Our previous research [
7,
8,
9], based on ceramographic methods [
10,
11] and machine vision techniques, led to the development of a visual inspection system for coating thickness measurement. This system enables fully automated and highly efficient thickness measurement. It first scans the entire metallographic sample under a low-magnification objective to acquire the coordinates of all particles. Then, it switches to a high-magnification objective for sequential image acquisition and analysis. However, during image analysis, we found that not all collected images were suitable for measurement due to issues such as surface contamination, image defocus, and coating layer fractures. These anomalies often result from improper sample preparation or storage. Analyzing such images could introduce significant deviations from actual values, thereby reducing accuracy. Therefore, anomaly detection before image analysis is essential.
The anomaly detection task in this system is essentially an image classification task, aiming to categorize different images into distinct classes while minimizing classification errors. Traditional methods primarily rely on handcrafted feature extraction combined with shallow classifiers, such as Scale-Invariant Feature Transform (SIFT) [
12] and Histogram of Oriented Gradients (HOG) [
13]. While these approaches achieve high accuracy in scenarios with limited categories, they suffer from insufficient feature representation capability and poor cross-domain adaptability. Breakthroughs in deep learning have led to new frameworks based on Convolutional Neural Networks (CNNs), with classic models including Visual Geometry Group Network (VGGNet) [
14], Residual Network (ResNet) [
15], and Vision Transformer (ViT) [
16]. Although these methods demonstrate strong representational power on large-scale datasets, they face challenges in the current scenario. Specifically, the system only needs to identify anomalies in fully intact particles at the image center, and some anomalies exhibit subtle characteristics.

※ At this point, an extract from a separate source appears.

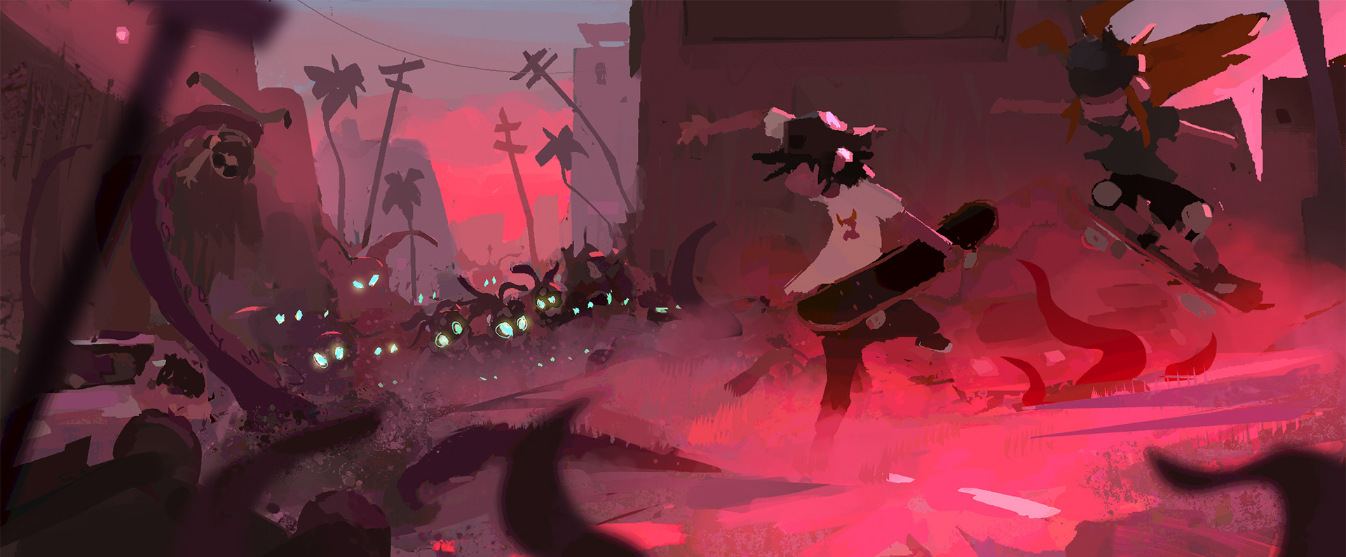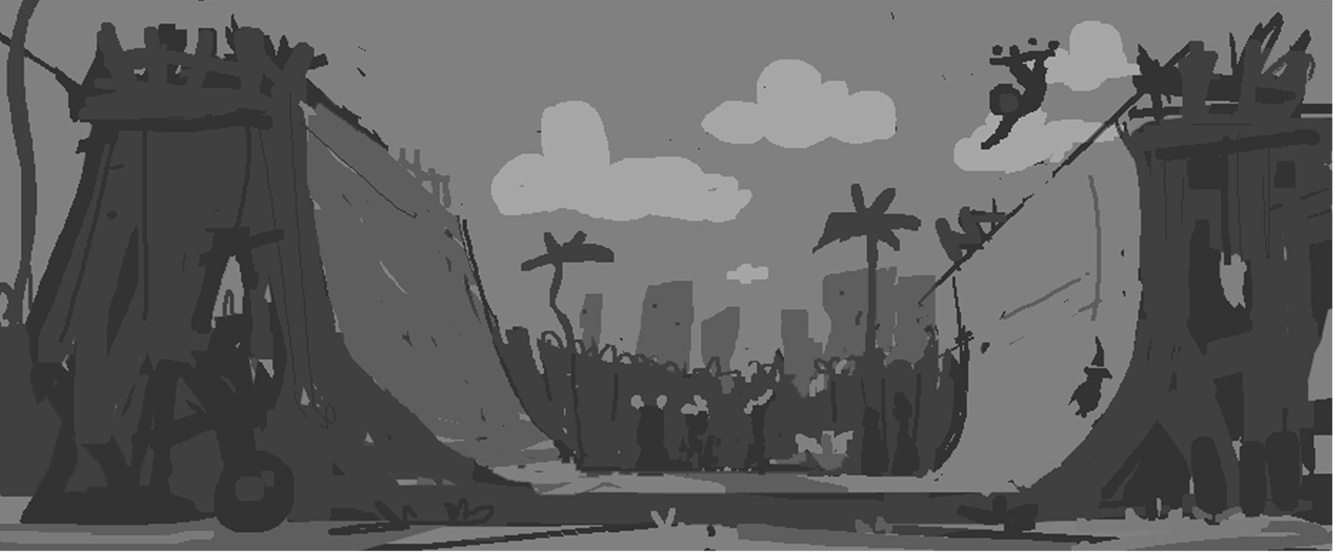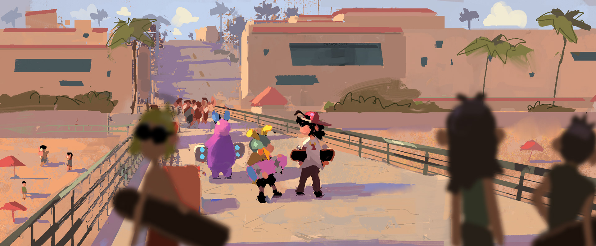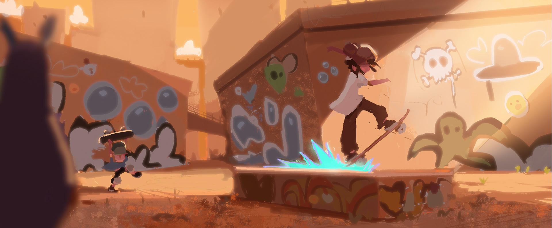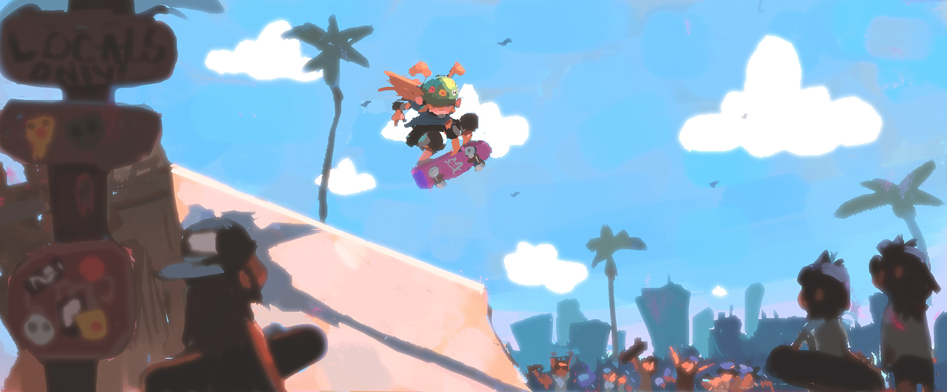 Sk8 is a personal project about an Alien from outer space discovering skateboarding and wanting to become a pro skater. Mr. Alien travels down to earth and meets skaters and go on adventures. I focused on color keys and some set designs. I will post those soon just having fun painting more ideas.

In the images, only the anomalies in the central particles need to be identified, while the peripheral particles act as noise. Therefore, we adopt the ViT as the backbone network for this study. The self-attention mechanism in ViT enables the network to adjust its focus according to detection requirements, aligning well with our detection objectives. However, this mechanism primarily captures global information and struggles to effectively model contextual relationships between image patches. To address this limitation, we incorporate the Large Selective Kernel (LSK) [
17] into the designed dynamic convolutional attention, allowing the network to dynamically adjust its spatial receptive field for better context capture across different objects. Additionally, some anomalies are relatively small, such as minor contamination occlusions, small coating fractures, and small areas of image blur. Since classification networks typically rely on the feature map with the highest downsampling rate and lowest resolution, detecting such small-scale anomalies becomes challenging. To overcome this, we draw inspiration from the Feature Pyramid Network (FPN) [
18] and propose the Multi-Scale Feature Fusion Module (MSFFM). MSFFM effectively extracts valuable information from four different hierarchical feature maps in the backbone network, enhancing the network’s ability to detect small anomalies. Furthermore, we integrate the Focal Attention Module (FAM) [
19] into MSFFM to help the model focus on critical information, thereby improving detection performance.
The main contributions are summarized as follows.
A Focal Attention-based Large Convolutional Kernel Network (FA-LCKNet) is proposed for accurately identifying anomalies in particles from images.
The LSK is introduced into ViT to enable the network to capture both global and local contextual information simultaneously.
The MSFFM is designed to enhance the detection of small anomalies by effectively leveraging multi-level feature information.
The FAM is introduced to enhance the network’s focusing capability, enabling it to better attend to regions requiring detection.
The remainder of this paper is organized as follows.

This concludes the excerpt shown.